TASK OBJECTIVE: Repeat exactly what runs from the line with "直播吧12月25日讯 曼联主" through the last line of the material, and keep the pictures out of it.

DATA SEGMENT:
☆ ☆ ☆ ☆ ☆

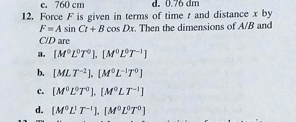 Force F is given in terms of time t and distance x by F = A sin Ct + B cos Dx. Then the dimensions of A/B and C/D are Force F is given in terms of time t and distance x by F = A sin Ct + B cos Dx. Then the dimensions of A/B and C/D are September 15, 2020 Category: Uncategorised (JEE Advanced Physics by BM Sharma + GMP Solutions) , Facebook Messenger WhatsApp Share this:TwitterFacebook Related
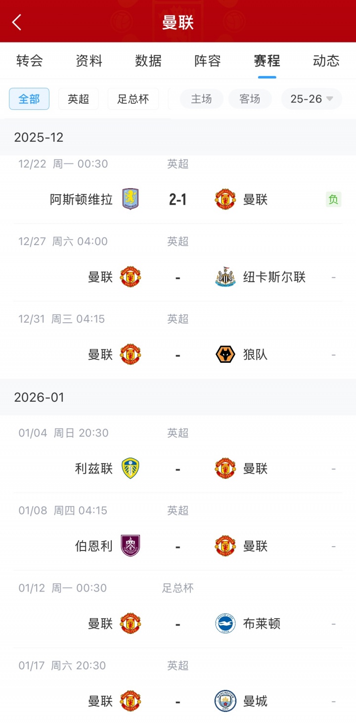 直播吧12月25日讯 曼联主帅阿莫林在最近一次发布会上确认,队长B费因软组织受伤将缺战一段时间。各大英媒预计B费将缺战近一个月,错过曼联未来5场比赛。
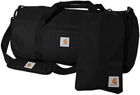 Removable, adjustable shoulder strap with pad; YKK zippers, metal hardware, comfort-grip haul handles, triple needle stitching, Carhartt logo patch
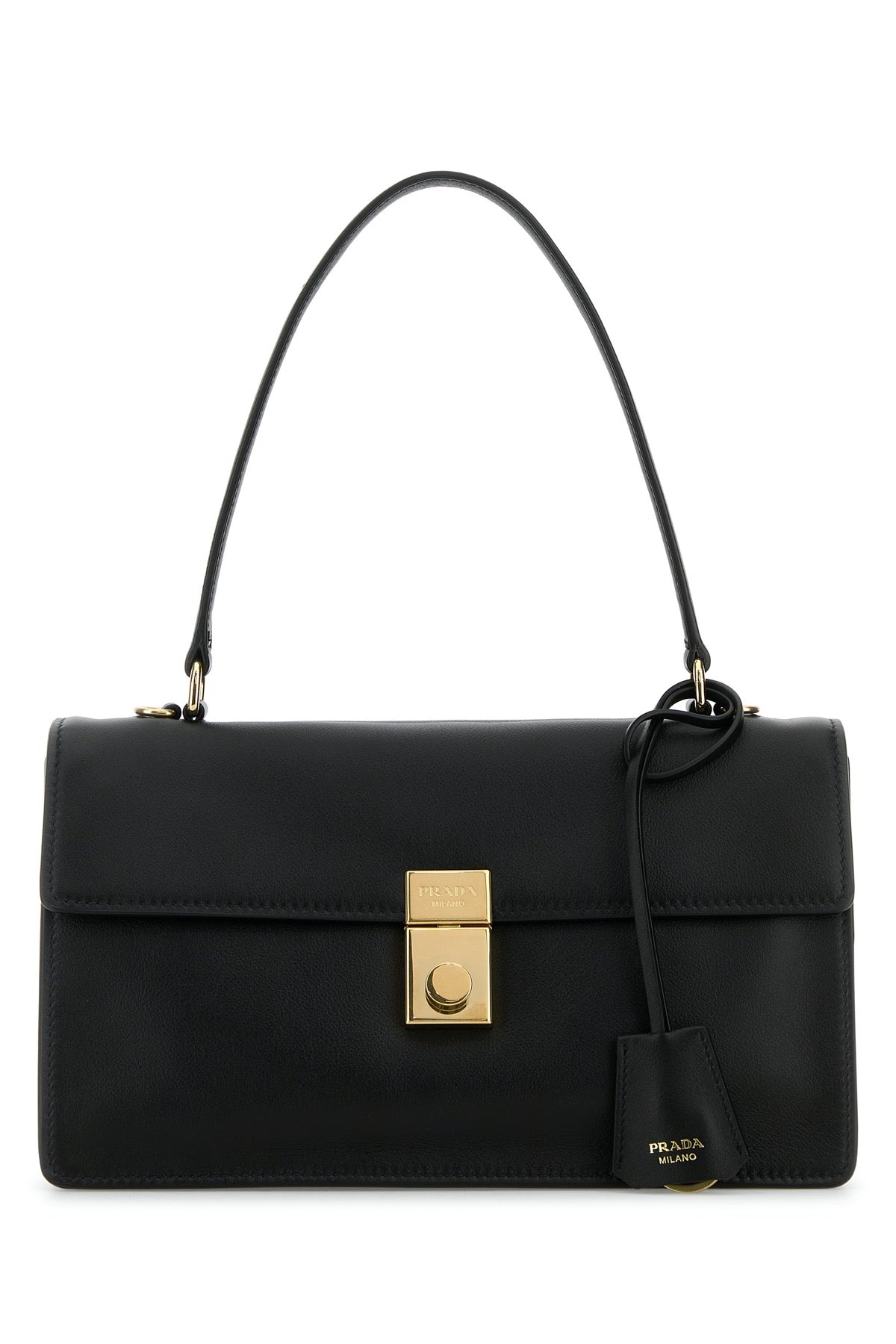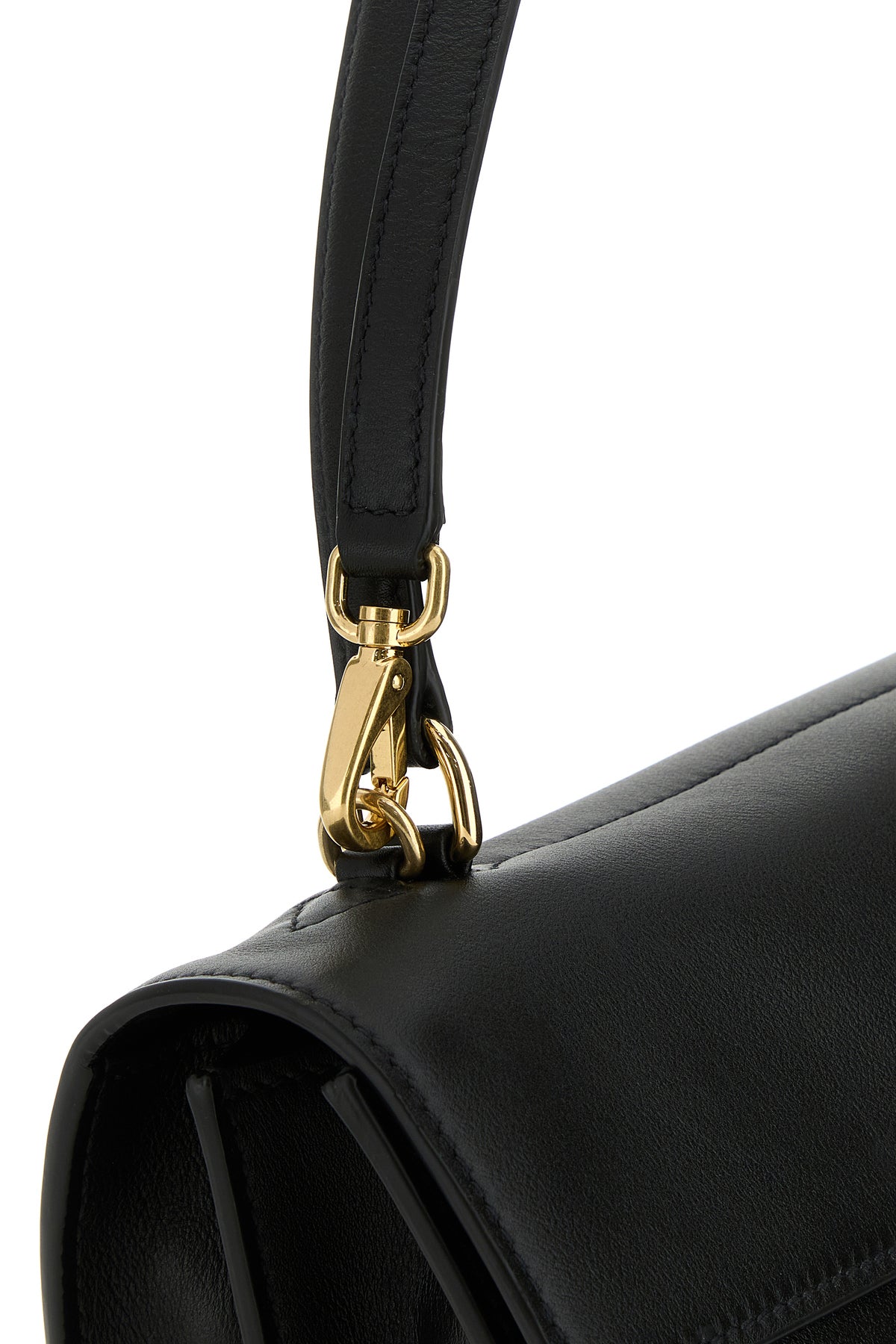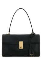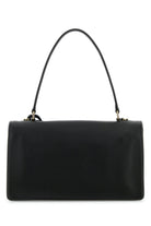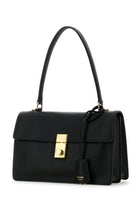 Handbag realized in slightly pebble leather characterized by embossed logo on the snap-fit closure.

☆ ☆ ☆ ☆ ☆

SOLVED EXERCISE:
 直播吧12月25日讯 曼联主帅阿莫林在最近一次发布会上确认,队长B费因软组织受伤将缺战一段时间。各大英媒预计B费将缺战近一个月,错过曼联未来5场比赛。
 Removable, adjustable shoulder strap with pad; YKK zippers, metal hardware, comfort-grip haul handles, triple needle stitching, Carhartt logo patch
 Handbag realized in slightly pebble leather characterized by embossed logo on the snap-fit closure.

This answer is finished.